Labor Management Laws in California Agriculture
Author: Howard R. Rosenberg
Publisher: A N R Publications
Published: 1995
Total Pages: 196
ISBN-13:
DOWNLOAD EBOOK →Author: Howard R. Rosenberg
Publisher: A N R Publications
Published: 1995
Total Pages: 196
ISBN-13:
DOWNLOAD EBOOK →Author: Gregory Encina Billikopf
Publisher: University of California Agricultu Agricultural Issues Cente
Published: 2003
Total Pages: 266
ISBN-13:
DOWNLOAD EBOOK →Author: Walter A. Fogel
Publisher: Institute of Industrial Relations UCLA
Published: 1985
Total Pages: 266
ISBN-13:
DOWNLOAD EBOOK →Topics discussed in this text include the economic and legal aspects of farm labor, unionization, the Agricultural Labor Relations Act and agriculture in California.

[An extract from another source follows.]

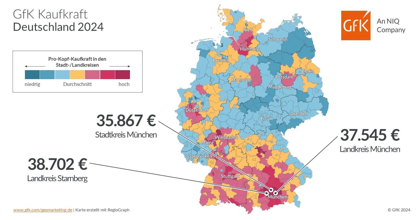 Spitzenreiter unter allen 400 Stadt- und Landkreisen ist der Landkreis Starnberg, wo die Menschen ein Ausgabepotenzial von 38.702 EUR haben. Damit liegen die Starnberger 39% über dem Bundesdurchschnitt. Auf den Plätzen zwei und drei folgen der Land- und Stadtkreis München mit 37.545 EUR und 35.867 EUR. Schlusslicht ist wie in den Vorjahren der Stadtkreis Gelsenkirchen: Dort verfügen die Bewohner über ein Nettoeinkommen von 22.007 EUR, womit sie 21% weniger für ihre Ausgaben und zum Sparen zur Verfügung haben als der Durchschnittsdeutsche.
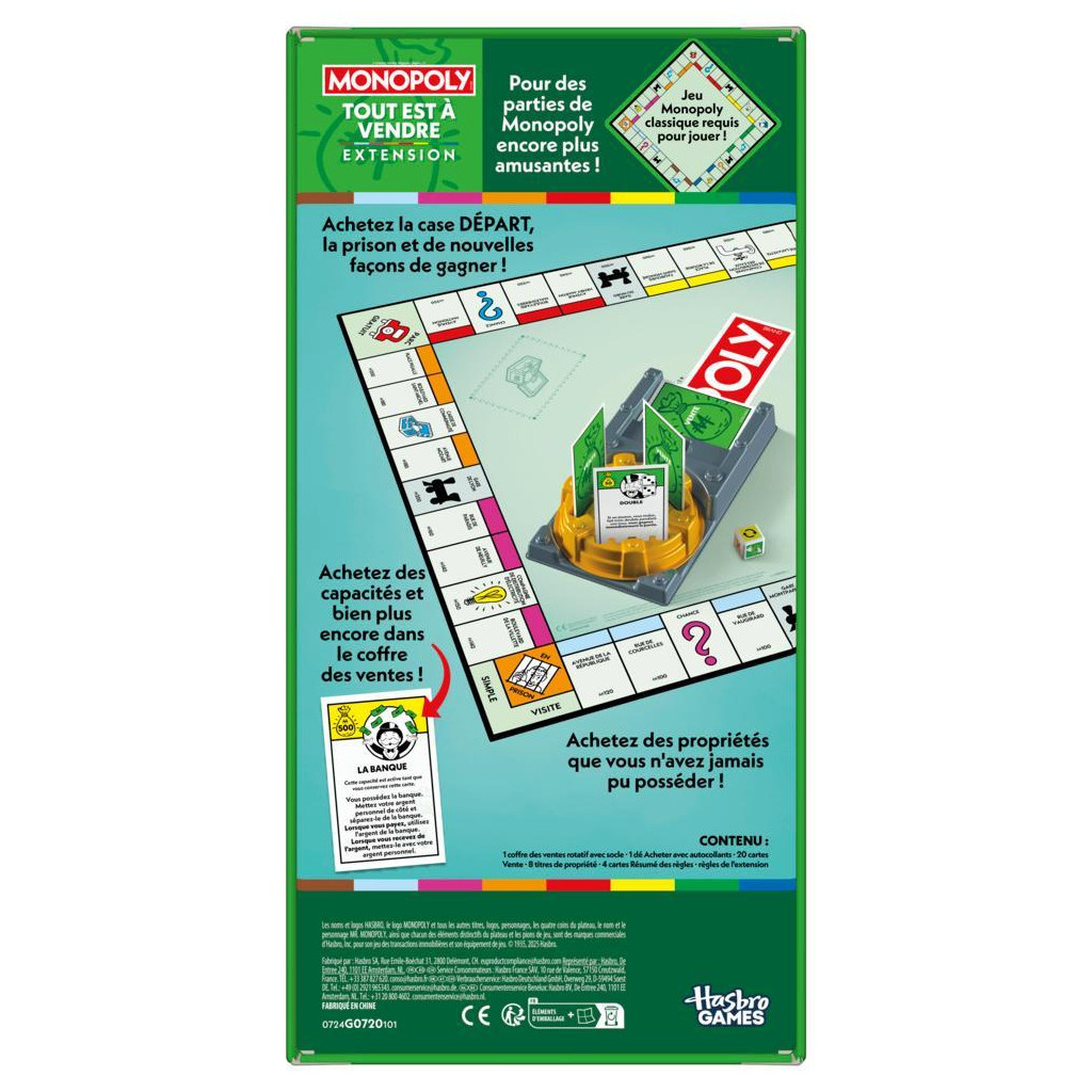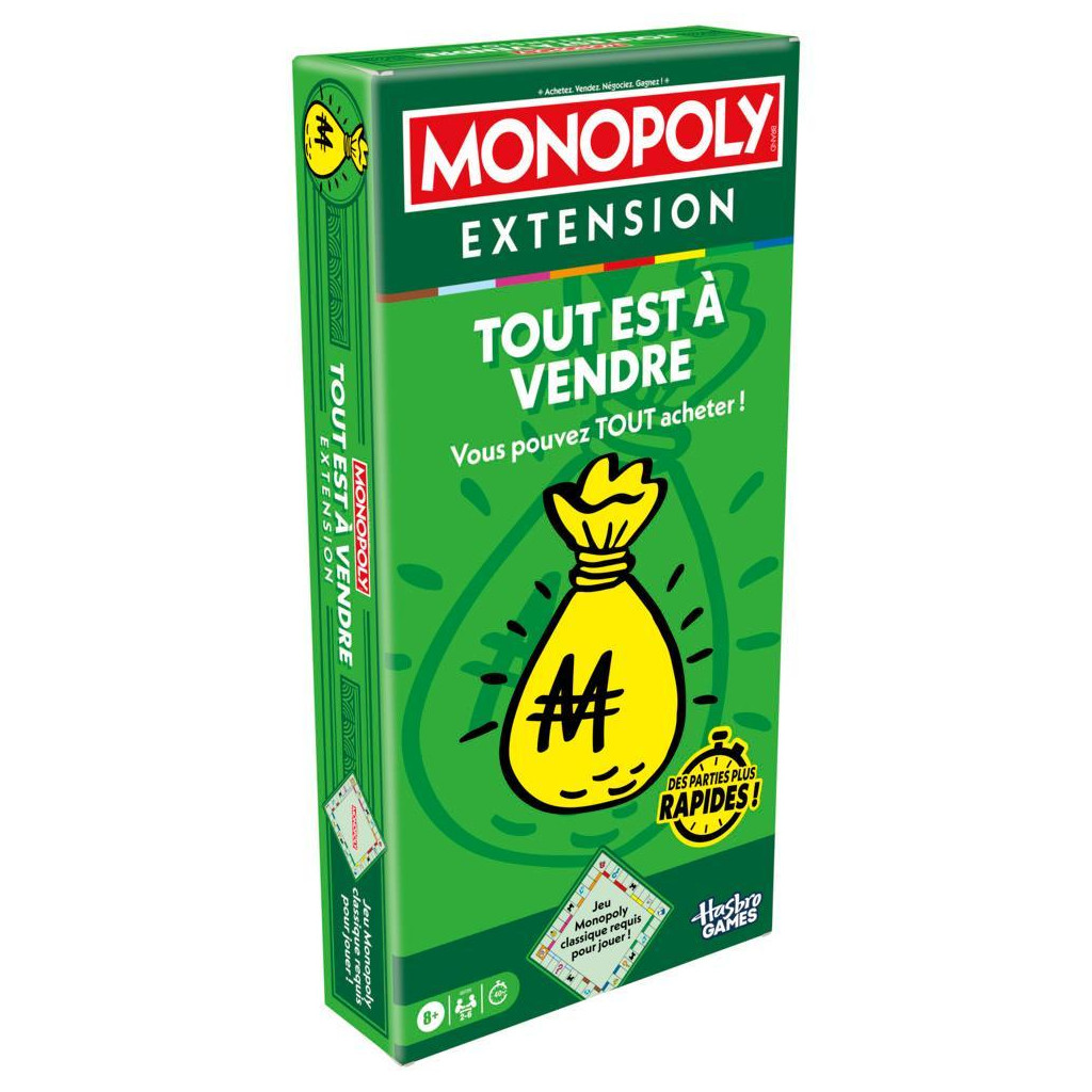 Mr. Monopoly a ouvert le coffre des ventes, et maintenant, on peut tout acheter ! Cette Extension Tout est à vendre du Monopoly apporte une touche de nouveauté au jeu Monopoly et les parties sont deux fois moins longues. Il suffit d'ajouter cette extension au jeu de plateau Monopoly classique pour que tout soit à vendre. (Jeu Monopoly classique requis pour jouer.) Les joueurs peuvent acheter toutes les cases du plateau et lancer le dé Acheter pour se procurer d'autres façons de gagner et des capacités en rotation dans le coffre des ventes. Quand toutes les propriétés ont été achetées, le joueur le plus riche gagne. La partie peut se terminer si un joueur gagne instantanément en complétant une carte Vente.

Author: United States. Bureau of Labor Standards
Publisher:
Published: 1959
Total Pages: 20
ISBN-13:
DOWNLOAD EBOOK →Author: California. Legislature. Assembly. Select Committee on Farm Labor
Publisher:
Published: 1981
Total Pages: 502
ISBN-13:
DOWNLOAD EBOOK →Author: Philip L. Martin
Publisher: Wiley-Blackwell
Published: 1996
Total Pages: 448
ISBN-13:
DOWNLOAD EBOOK →Examines agricultural labour relations in California. Traces the development of agricultural labour and trade unions and examines the implementation of the Agricultural Labour Relations Act 1975. Explores the effect of immigration policy and the impact of immigrant workers on the farm labour market.
Author: Philip L Martin
Publisher: CRC Press
Published: 2019-03-20
Total Pages: 234
ISBN-13: 1000002047
DOWNLOAD EBOOK →The "plight of the California farmworker" has been the main theme of over 100 years of government reports, scholarly writings, and popular literature. Farmworkers were excluded from most of the 1930s legislation which regulated wages and working conditions and recognized that workplace disputes could best be settled by collective bargaining. Scho
Author: Philip L. Martin
Publisher: Cornell University Press
Published: 2018-08-06
Total Pages: 243
ISBN-13: 1501728555
DOWNLOAD EBOOK →In 1975, after vigorous campaigning by the United Farm Workers union, the state of California passed the Agricultural Labor Relations Act (ALRA), a pioneering self-help strategy granting farm workers the right to organize into unions. A quarter century later, only a tiny percentage of farm workers in the state belong to unions, and wages remain less than half of those of nonfarm employees. Why did the ALRA fail? One of the nation's foremost authorities on farm workers here explores the reasons behind its unfulfilled promise.Philip L. Martin examines the key features of the farm labor market in California, including the shifting ethnicity of the worker pool and the evolution of the major unions, beginning with the Wobblies. Finally, he reviews the impact of immigration on agriculture in the state.Today, many states look to the California experience to assess whether the ALRA can serve as a model for their own farm labor relations laws. In Martin's view, California's efforts to grant rights to farm workers so that they can help themselves have failed because of continued unauthorized migration and the changing structure of farm employment. Martin argues that alternative policies would make farming profitable, raise farm worker wages, and still keep groceries affordable.